At Adana we were hoping to stay at the BP parking place marked on the map, but we found that our map was a year early and the parking site was still under construction. For the sake of the ill members (Trottie was now running a temperature of 103) we paid out for a Mobil Camp.
Saturday 11th July
I woke up to find over 100 mosquito bites on one arm, which rather took the charm out of the camp. We also found out that whereas the camp was only 4/4d a head as opposed to the Mocamp which was 5/4d, we had to pay 1/- for a shower, 1/- to use the gas rings, 1/- to use the clothes-washing basin and 3/4d for a swim, all of which should have been free.
Continued servicing the VW, and noticed an oil leak at one wheel, and so we drove it down to the nearest VW garage (really a Ford one with a few VW spares) where we were able to borrow their tools and take the wheel down. The oil seal we suspected looked ok, so we put it all back together and are now hoping!
About lunchtime Mike decided to get a doctor for Trottie. She didn’t fancy a Turkish doctor, so we drove over to the American airbase a few Ks down the road, to see if we could get hold of one of their doctors. Not surprisingly they didn’t really want us on the base, but they were able to tell us the name of a good English-speaking doctor who quickly came out and had a look at Trottie and diagnosed gastro-enteritis, which would go in a couple of days. His fee was about £3-10-0, which we could afford but is a lot when you think there is no NHS here and as far as we can gather the fees are not altered much to suit the patient. This means that the majority of peasants have no hope at all of affording a doctor, and so they either get well or die. This is only one of several rather horrifying aspects of Turkey (and I imagine all the way East) that we have discovered, and is made more so by the fact that they have an incredibly large army, which must be where all the high tax on automobiles goes, for here they are about three times the price that they are in England, due to colossal import duty.

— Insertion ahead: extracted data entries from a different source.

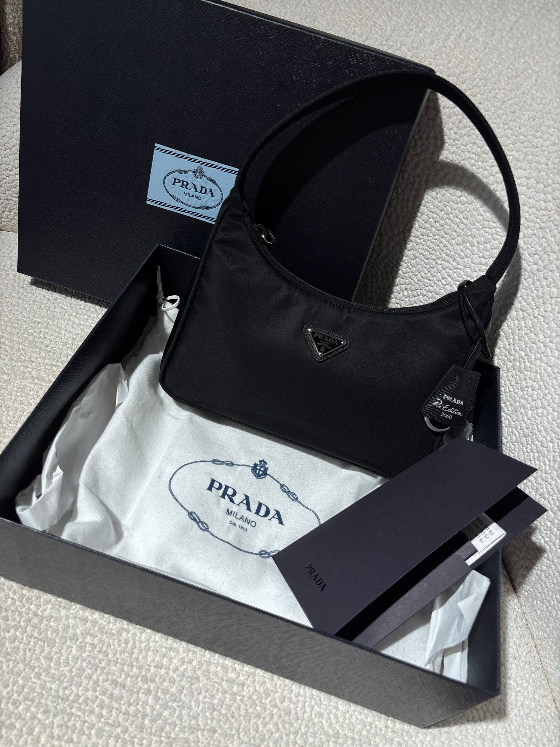 A stunning Prada Re-Edition bag in the iconic and classic black.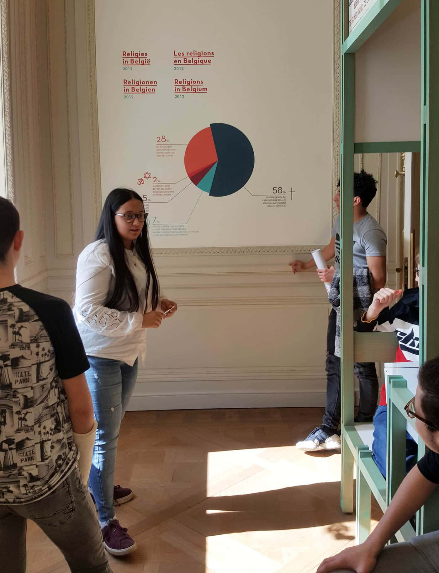 Après un agréable temps libre sur la Grand-Place de Bruxelles, ils se sont rendus au musée Belvue, qui aborde 7 thèmes, tels que la création de la Belgique et la démocratie, la prospérité, la solidarité, le pluralisme, les migrations (tant passées que actuelles), les langues, et enfin l’Europe.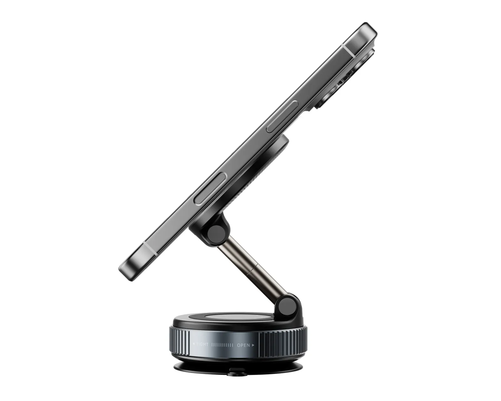 The MaxMount Vacuum Phone Holder Black is the ultimate solution for those who want to keep their smartphone safe and stable, whether you’re driving, working at your desk, or creating content in the kitchen. With a streamlined design and the latest vacuum technology, it not only offers a stylish look but also unmatched functionality. Compatible with smartphones over 4.7 inches, it comes with an integrated magnetic ring and powerful N52 magnets that keep your device securely in place, even during sharp turns or hard braking. The foldable design saves space and makes it easy to carry, while adjustable angles allow for both horizontal and vertical use.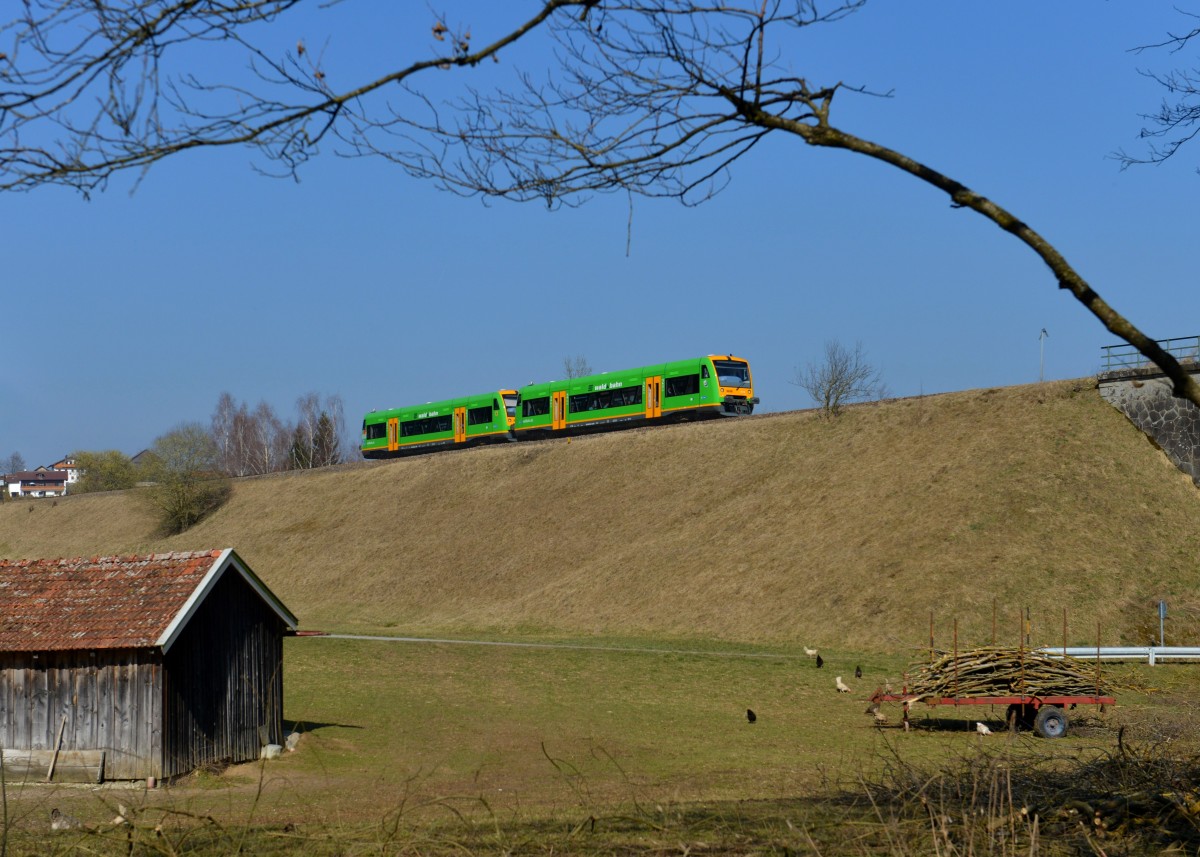 Eine Lok der BR 146 schiebt ihren Dosto-Regionalexpress in Richtung Straubing. Am frühen Morgen des 10.06.2014 befährt der Zug den Vilsviadukt vor der Kulisse der Benediktinerabtei Schweiklberg.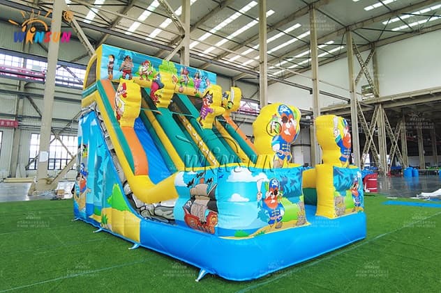 The inflatable dry slide manufactured by Winson is usually made of high-quality environmentally friendly PVC mesh cloth. It is formed by inflating, with a soft surface, high safety factor, and good wear resistance, stability and durability. Reasonably designed and well-made, it has good wind resistance and is not prone to deformation, cracking or air leakage. In addition, the inflatable water slide is equipped with safety guardrails and safety ropes on the equipment to avoid accidental falls or injuries during play.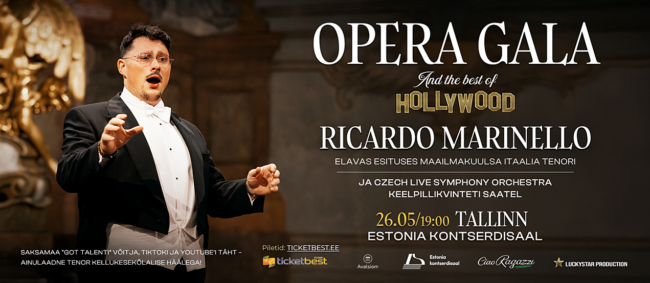 Maailmakuulus tenor Ricardo Marinello esineb esmakordselt Tallinnas! Tema hääl on kui kellalöök — selge, võimas ja läbitungiv, tekitades kananaha juba esimestest nootidest.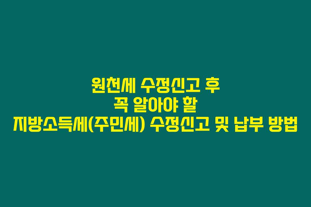 원천세 수정신고를 한 적이 있으신가요? 원천세 수정신고를 하고 난 뒤 가장 먼저 떠오르는 고민 중 하나는 바로 지방소득세(주민세) 수정신고에 관한 부분이에요. 원천세 수정신고는 간단해 보이지만 주민세는 다소 복잡하게 느껴지죠. 지방소득세 수정신고와 납부를 제대로 이해하고 계신가요? 혹시 이 과정에서 헷갈리셨다면 아래를 읽어보시면 이제 간단하게 해결할 수 있을 거예요.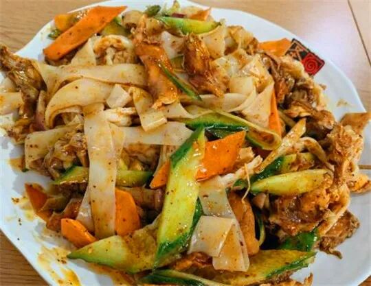 拌鸡架里面有圆葱黄瓜胡萝卜片,竟然还有牛筋面,满满一盘子。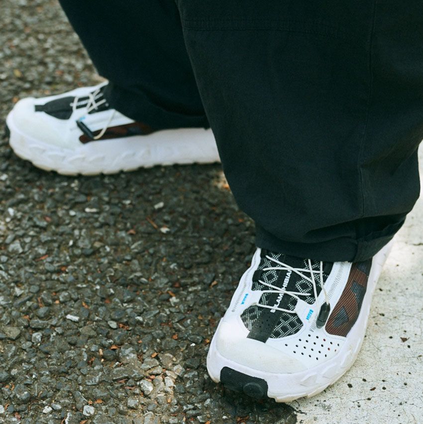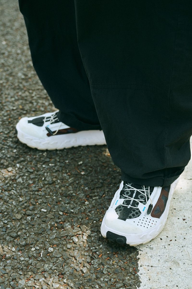 続いては浅田さんの愛用モデルをチェック! コム デ ギャルソンのグレーTシャツにマーカウェアの黒パンツというワンツーコーデのワンポイントにサロモンを投入。水辺や陸上のあらゆるアウトドアで活躍するハイブリッドシューズ「Solamphibian」は、機能の素晴らしさだけでなくビジュアルもかなり良い。厚めの白ソールがダークトーンの着こなしによく映える。

What is more, we would have to pay this tax if our van was stolen, for it is then said to have entered the country. Even if you have an accident and your car is a total write-off you have to get it out of the country, and not in bits either. It has to be driven out under its own steam! Accidents certainly seem costly here for another reason as well. If you are involved in an accident you are at least 20% to blame, and it rises from there. Even if your car is parked and someone runs into it, if your car hadn’t been there there would have been no accident, so you are at least 20% to blame.

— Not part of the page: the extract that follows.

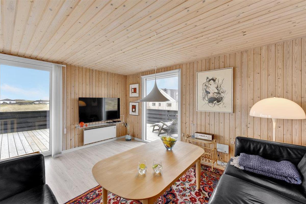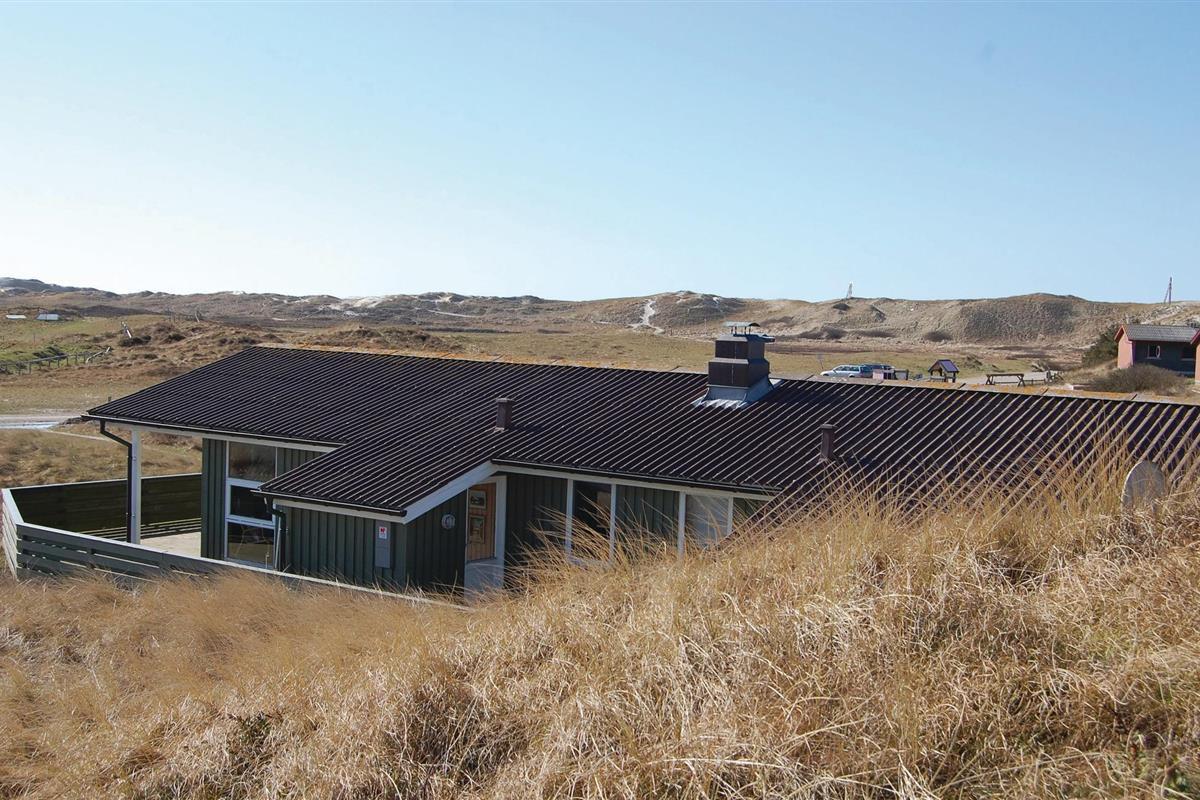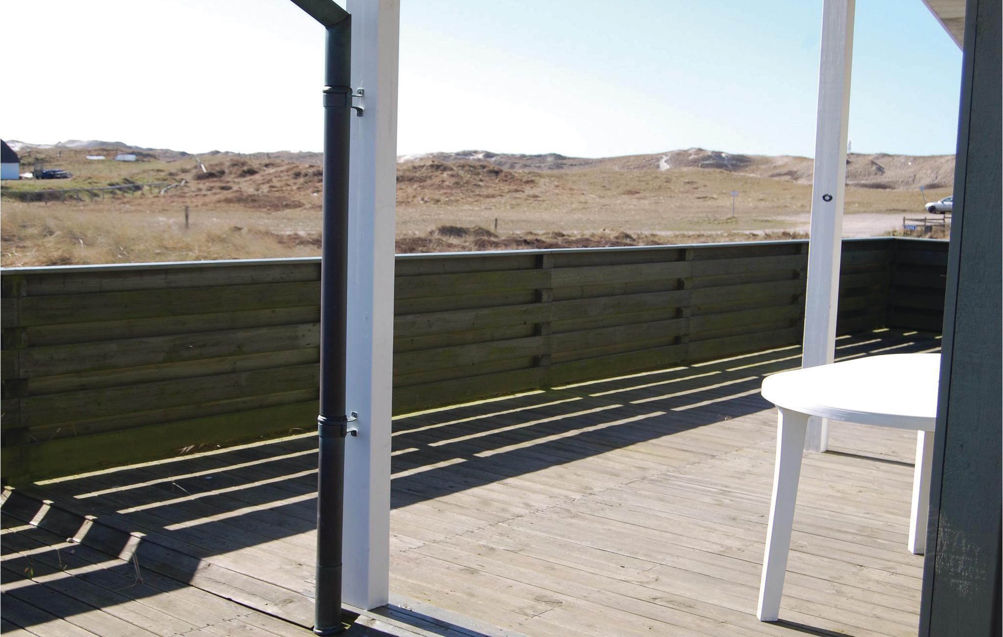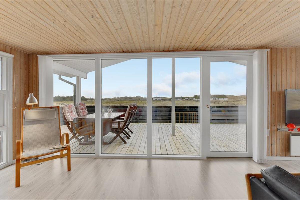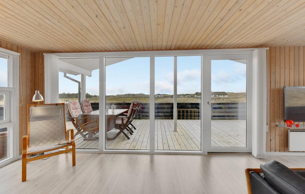 Comfortabel houten vakantiehuis in Hvide Sande met omheind terras en uitzicht op duinen.

Being in jail is no joke either, for there is no food – it has to be brought in by relatives. An American air-force officer we were talking to was telling us of a couple of Marines at present in a Turkish jail, and apparently a detachment has to be sent every day to feed them.

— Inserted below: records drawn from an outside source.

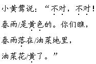 解析 这是一篇童话故事,朗读时,要体现小鸟们的天真、活泼、可爱,春雨的轻柔、欢快,大自然的美丽、神奇。小鸟们的语言要读得活泼些,“不对”和它后面的半句要读出争论的语气,“你们瞧”要读得急切些。前后两个自然段用轻柔的语气读。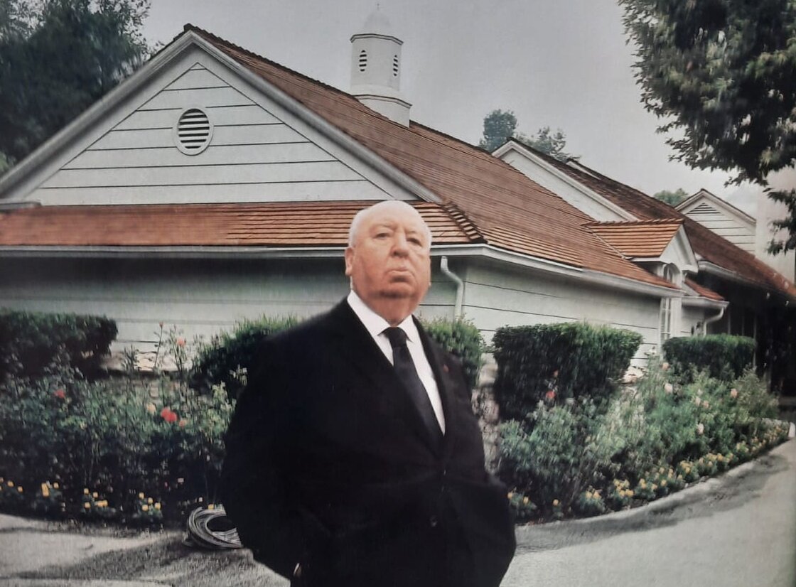 O icônico Alfred Hitchcock junto à morada em que viveu em Los Angeles (Foto: Reprodução)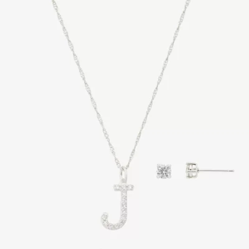 Sparkle Allure Initial Womens Cubic Zirconia Pure Silver Over Brass Round 2-pc. Jewelry Set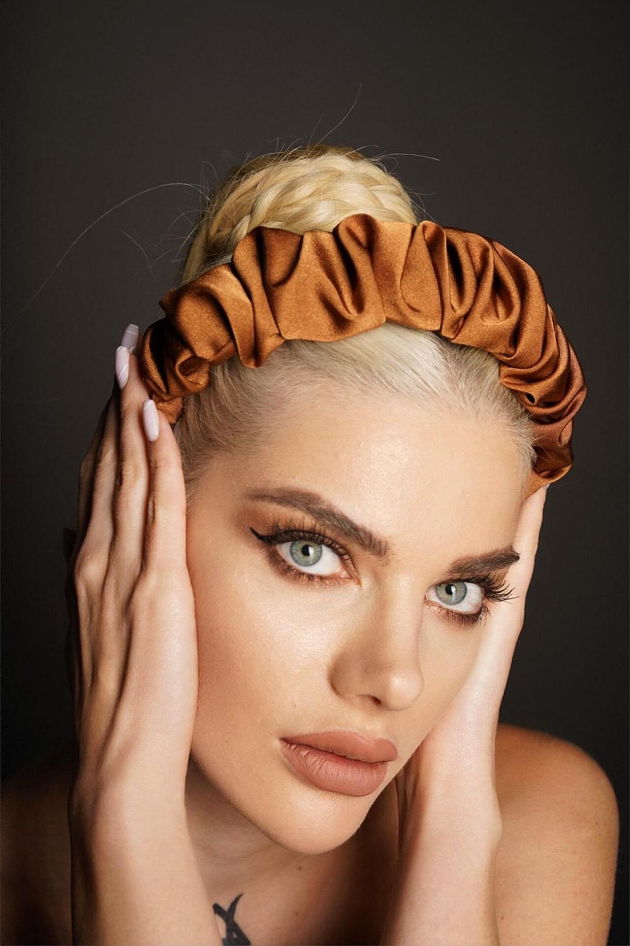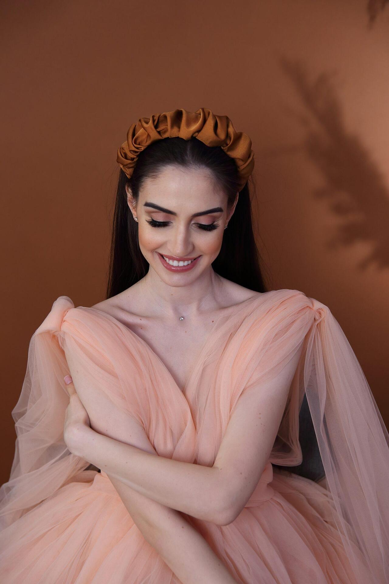 Текстилна сатенена диадема. Лека и нежна, подходяща за ежедневието. Изработена е ръчно от висококачествени материали. Размерът е универсален.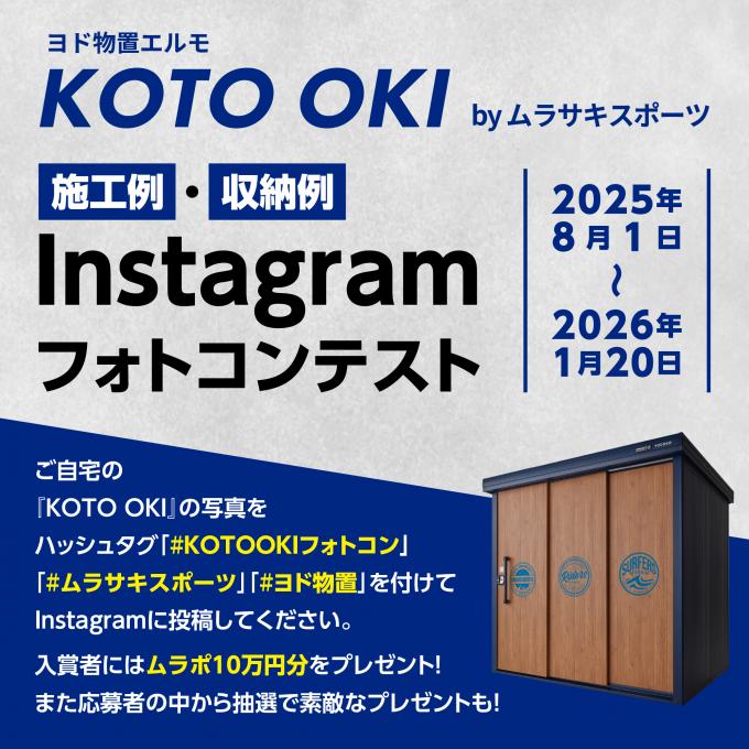 2025年に創立90周年を迎えた「ヨドコウ」こと淀川製鋼所とムラサキスポーツは、コラボレーション・アイテムとして、新たなスタイルの物置『ヨド物置エルモ KOTO OKI by ムラサキスポーツ』を 受注生産にて販売いたします。

It also appears, as I suppose is to be expected, that the official system is corrupt from top to bottom, and bribery really works, and, for instance, seems to be the only way to get off a traffic charge, though this sounds a little far-fetched. However, it does seem very easy to pick up a traffic charge. For instance, if a traffic light you are approaching turns red, but the traffic keeps on going but you stop, you can be charged with holding up the traffic. Carry on through, however, and you might be had up for crossing a red light. It seems the only thing to do, if you see a policeman at traffic lights, is to go slowly and he will usually either wave you on or stop you.